Nature on hydrogen realism
The hydrogen literature is useful because it sharpens the hierarchy of uses. The strongest case for hydrogen is selective industrial and system support, not treating hydrogen as the single answer to everything.
That is useful because it stops the page sounding like a stand-alone thought experiment. The energy numbers matter more when they line up with external shifts that are already underway.
What these numbers really mean
The corridor is large enough to justify serious strategic attention
Important caution
Big numbers do not remove the need for discipline
Scale does not equal feasibility
A large theoretical resource does not automatically produce a bankable project.
Node quality still matters
The early nodes still have to clear the practical hurdles that matter: land, approvals, storage, fibre, water, logistics, workforce, and capital discipline.

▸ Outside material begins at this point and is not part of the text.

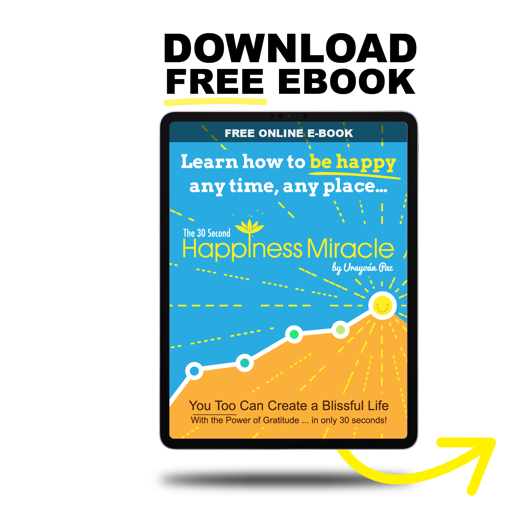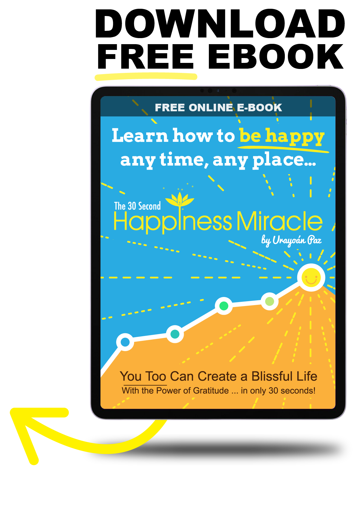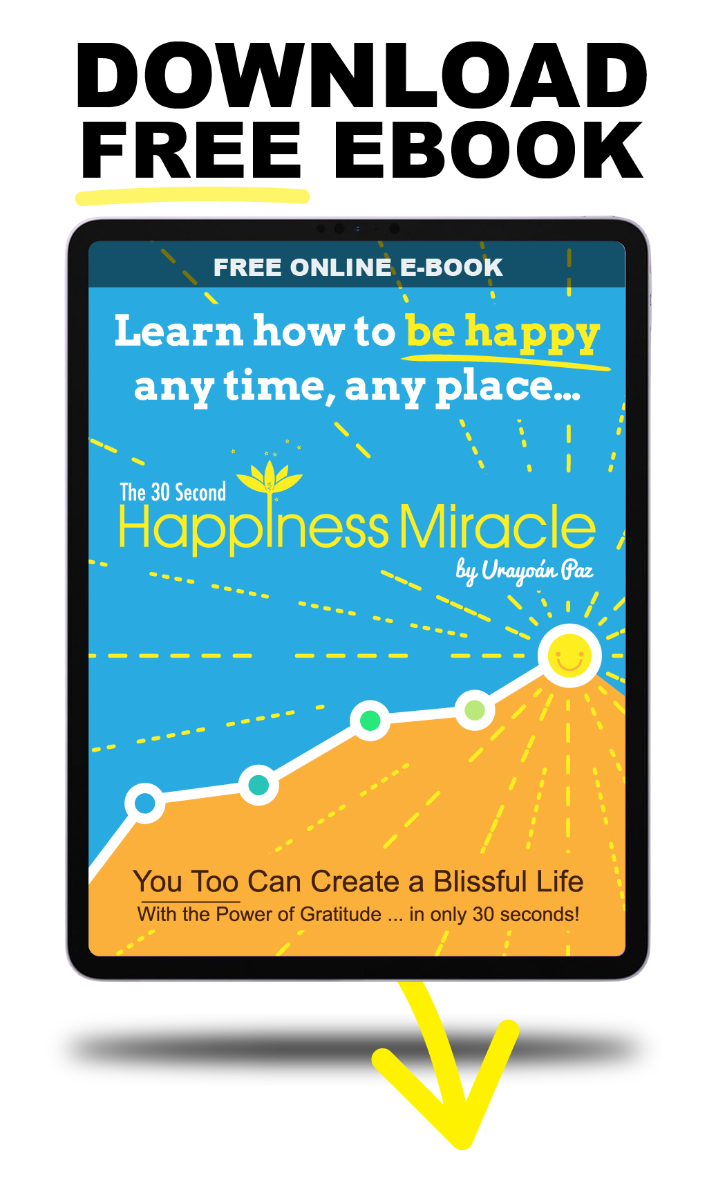 The 30 Second Happiness Miracle offered here is comprehensive yet compact. It goes straight to the point but shows you important pointers along the way. If you don't know what meditation is or have tried it but found it way too difficult or time-consuming, don't worry. Gratitude-Bliss Meditation was designed for the person "on-the-go" in a real-life city situation. It's as simple as humanly possible and anyone can do it in 4 easy steps. Whether you live in the city or the countryside; in the U.S. or in Russia, you can do it.

Sequencing matters more than slogans
The strategic value lies in the scale. The credibility lies in building the right nodes in the right order.
TASC still has to clear the real-world hurdles that matter: land, approvals, transmission, storage, cooling, fibre, water, logistics, workforce, sequencing, and capital discipline.
The numbers make TASC worth taking seriously. They do not make it easy.
Closing thought
On a simple build assumption, TASC sits in the same conversation as national infrastructure, not niche renewables.
A central-case output of roughly 231 TWh per year is large enough to support globally relevant compute, major industrial precincts, selective hydrogen production, and substantial water systems.
That does not prove the project. But it does show that the idea is large enough to warrant rigorous attention.
The next question is not whether the scale is meaningful. The next question is whether the first nodes can be built in a way that unlocks it.